Doctorate Inspector Henry Mathias scowled, watching the red lettering over white background as though it were about to pounce on him. "Transpose? What's that supposed to mean?" He jolted his gaze to Suit, catching the attemptedly-hidden notion of leaving the case as is. "And I thought you said this wasn't about Ms Warner's death!"

Suit sighed and drummed the desk rapidly. "As I said before, Dr., this is not about Ms Warner--starting in three days time, you will pick up where Dr. Mathias had left off."

Henry hesitantly reached forward to peel open the new manila folder. Inside a photo of himself had been paper-clipped to a pile of sanctioned papers about his job, residence, and close family ties. To say it was invasive would have understated the issue entirely.

Yet all-the-while Henry had yet to find any particular evidence as to why he had been deemed to replace another... then he found it.

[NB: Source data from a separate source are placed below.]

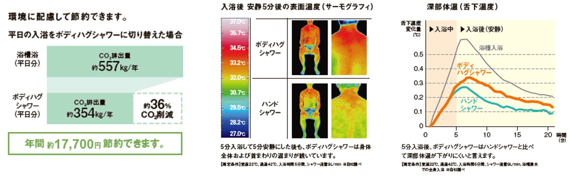 シャワーユニット「NS」も今回リニューアルいたします。大浴場があるホテルや、インバウンド配慮で浴室のないホテル水回り空間も増加している中、浴槽がなくとも体を温めて、しっかり旅の疲れを癒せるようにボディハグシャワーをオプション設定に追加いたします。ボディハグシャワーはハンドシャワーと比べ深部体温が下がりにくく、しっかり体を温めることができ、また浴槽浴に比べると使用水量も抑えることができ、より快適かつエコな浴室空間を実現します。
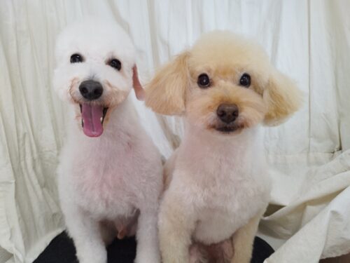 プードルちゃんず 少し間隔が空いてしまいだいぶ伸びてしまった毛 お手入れ前にブラッシングを頑張ってきてくださり…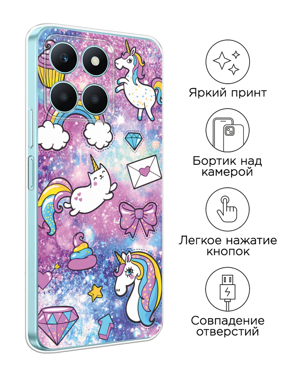 Силиконовый чехол на Honor X6A / Хонор X6A с принтом Rainbow doodles информация: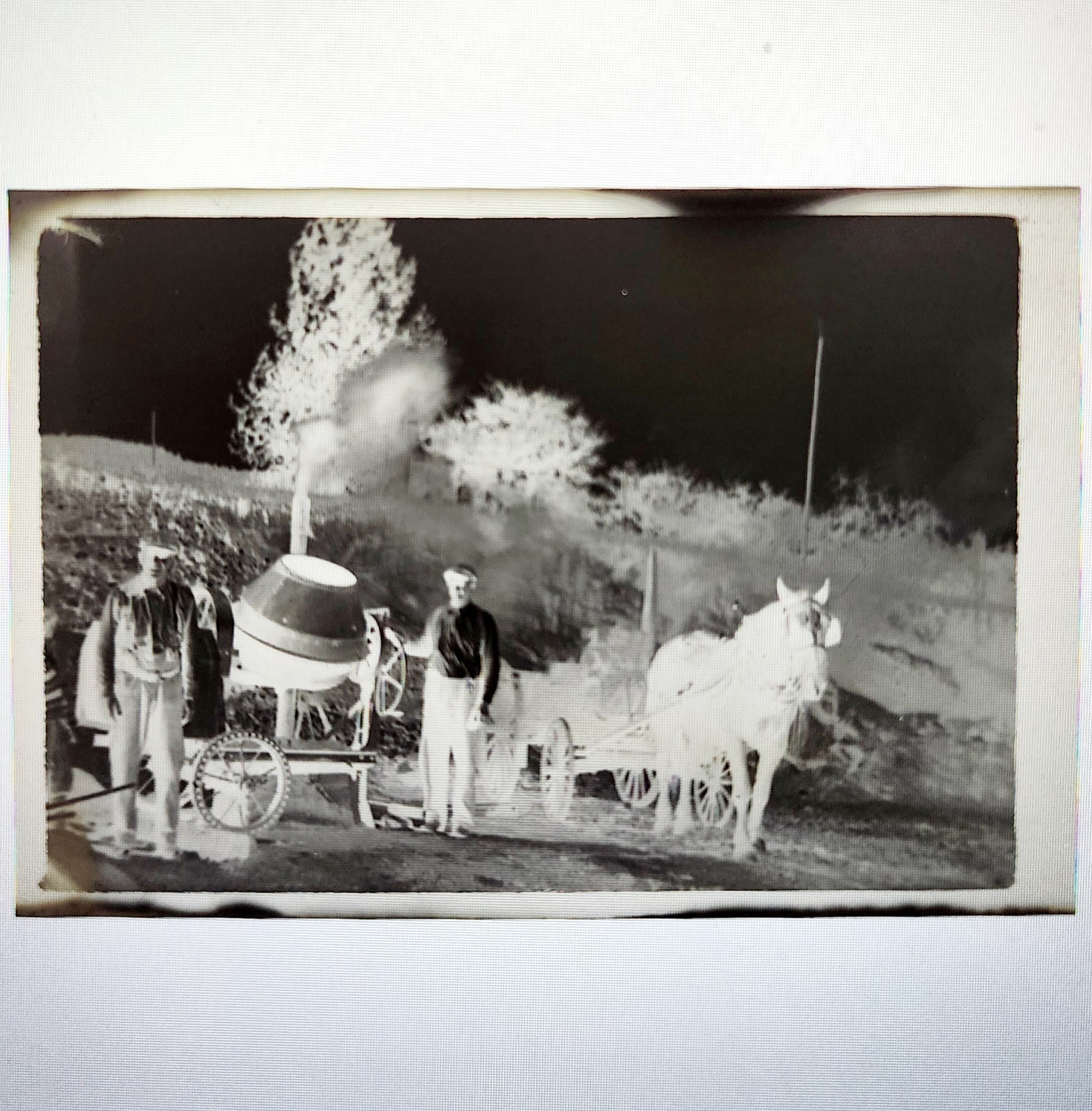 1920s Photograph Negative Original Horses Cement Mixer Carts Transportation C65

Three pages in, Dr. Henry Mathias found another photo of himself... except that it wasn't. The image showed another man with remarkable similarities to Henry, standing in a cabana somewhere tropical.

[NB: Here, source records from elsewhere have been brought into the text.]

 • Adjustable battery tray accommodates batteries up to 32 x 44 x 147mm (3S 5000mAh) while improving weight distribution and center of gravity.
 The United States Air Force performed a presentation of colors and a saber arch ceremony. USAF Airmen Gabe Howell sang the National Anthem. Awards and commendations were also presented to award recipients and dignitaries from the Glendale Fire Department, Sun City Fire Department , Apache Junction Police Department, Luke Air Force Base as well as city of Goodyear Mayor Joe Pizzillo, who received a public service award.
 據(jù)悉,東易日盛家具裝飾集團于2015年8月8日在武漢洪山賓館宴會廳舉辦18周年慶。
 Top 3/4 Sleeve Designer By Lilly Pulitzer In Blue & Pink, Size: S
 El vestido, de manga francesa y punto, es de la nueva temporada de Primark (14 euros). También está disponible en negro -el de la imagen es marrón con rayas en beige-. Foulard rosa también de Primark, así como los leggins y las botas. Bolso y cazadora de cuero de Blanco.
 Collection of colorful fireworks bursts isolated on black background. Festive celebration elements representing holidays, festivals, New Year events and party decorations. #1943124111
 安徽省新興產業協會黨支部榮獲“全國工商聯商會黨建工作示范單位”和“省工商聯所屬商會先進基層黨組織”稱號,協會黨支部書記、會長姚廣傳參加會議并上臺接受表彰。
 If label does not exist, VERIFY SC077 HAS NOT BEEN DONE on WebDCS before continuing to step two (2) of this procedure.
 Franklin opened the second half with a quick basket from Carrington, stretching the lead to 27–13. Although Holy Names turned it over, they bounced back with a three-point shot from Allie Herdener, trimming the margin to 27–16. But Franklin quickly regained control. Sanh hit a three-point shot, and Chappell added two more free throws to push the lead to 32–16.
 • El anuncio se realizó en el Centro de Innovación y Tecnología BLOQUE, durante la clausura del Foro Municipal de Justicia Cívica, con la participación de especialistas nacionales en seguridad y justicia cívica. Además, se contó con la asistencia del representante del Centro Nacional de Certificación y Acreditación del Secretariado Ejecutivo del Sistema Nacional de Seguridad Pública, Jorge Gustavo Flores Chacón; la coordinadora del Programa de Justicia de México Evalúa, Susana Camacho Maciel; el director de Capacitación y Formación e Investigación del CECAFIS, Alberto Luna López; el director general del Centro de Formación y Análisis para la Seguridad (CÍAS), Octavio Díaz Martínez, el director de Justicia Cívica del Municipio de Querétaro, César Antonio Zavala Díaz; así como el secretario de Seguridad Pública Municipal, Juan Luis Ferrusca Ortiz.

Even further, Henry had never been anywhere tropical having grown up with a preference to the colder weather over warmer. Every vacation he had gone on had been to Russia, or Ireland, or Norway in winter... always north, more or less, but never south.

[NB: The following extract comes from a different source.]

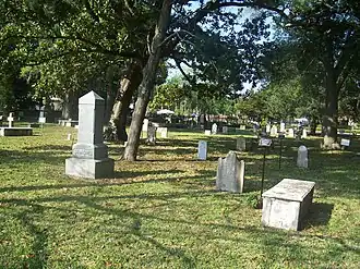 The Huguenot Cemetery (also known as the St. Augustine Public Burying Ground) in St. Augustine, Florida, located across from the historic City Gate was a Protestant burial ground between the years 1821 and 1884. The Spanish colonial city of St. Augustine, along with the entire Florida Territory became de facto American possessions after the 1819 signing of the Adams-Onis Treaty. The actual physical occupation of the city and Florida territory occurred in 1821.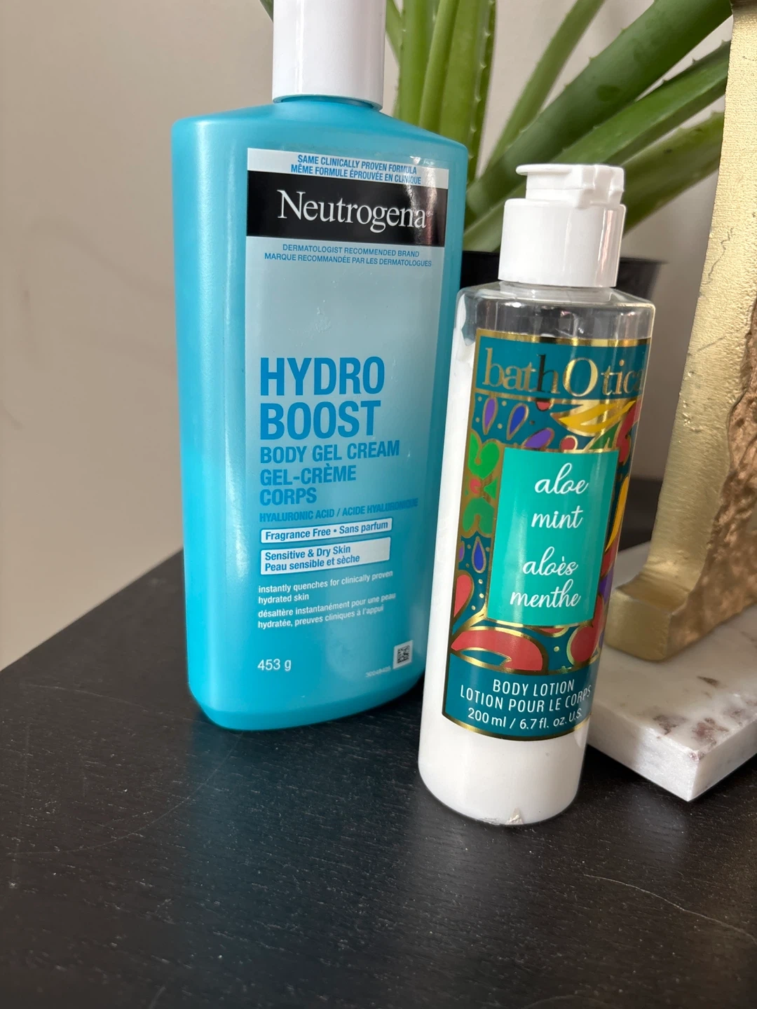 Neutrogena Hydro Boost Body Gel Cream 453g for sensitive & dry skin. Bath & Body Works Aloe Mint Body Lotion 200ml. Both are fragrance-free and designed for hydration. Available for pick up this evening or tomorrow evening first come first serve

"Pick up... you want me to live this other Dr.'s life?" He rubbed his chin abrasively. "How the bloody hell does that work?"

Like pistol fire, Suit shot with an exhausted sigh "well, for one: you are him and he is you."

But that made no sense. How could one man be two when he had never been diagnosed with any sort of mental illness such as the likes of schizophrenia? Only one possibility could be meant by this, yet that same notion had been debunked earlier on. "...I thought you said this wasn't a threat?"

Suit smiled and stood. "I can assure you, Dr., it is not a threat." He reached around and stood by the door, where he called for the other man to return. When the suited man turned back to Dr. Mathias, he looked more calm than before, though it hadn't seemed possible previously. "In a way, you were created for this very occasion, much like Ms Warner was before her own untimely end."

Henry gaped. "So it is about Ms Warner."

As Henry went to stand he found Suit's hand on his shoulder, holding him down with more force than he thought Suit had. They locked eyes and Suit's expression went dark. "Don't try to understand, Dr., for there are far greater consequences than you can possibly guess." He shook his head dejectedly, "one slight misstep...."

And Doctorate Inspector Henry Mathias nodded. He'd caught the threat: one too many questions and the next Dr. Mathias to die would be himself.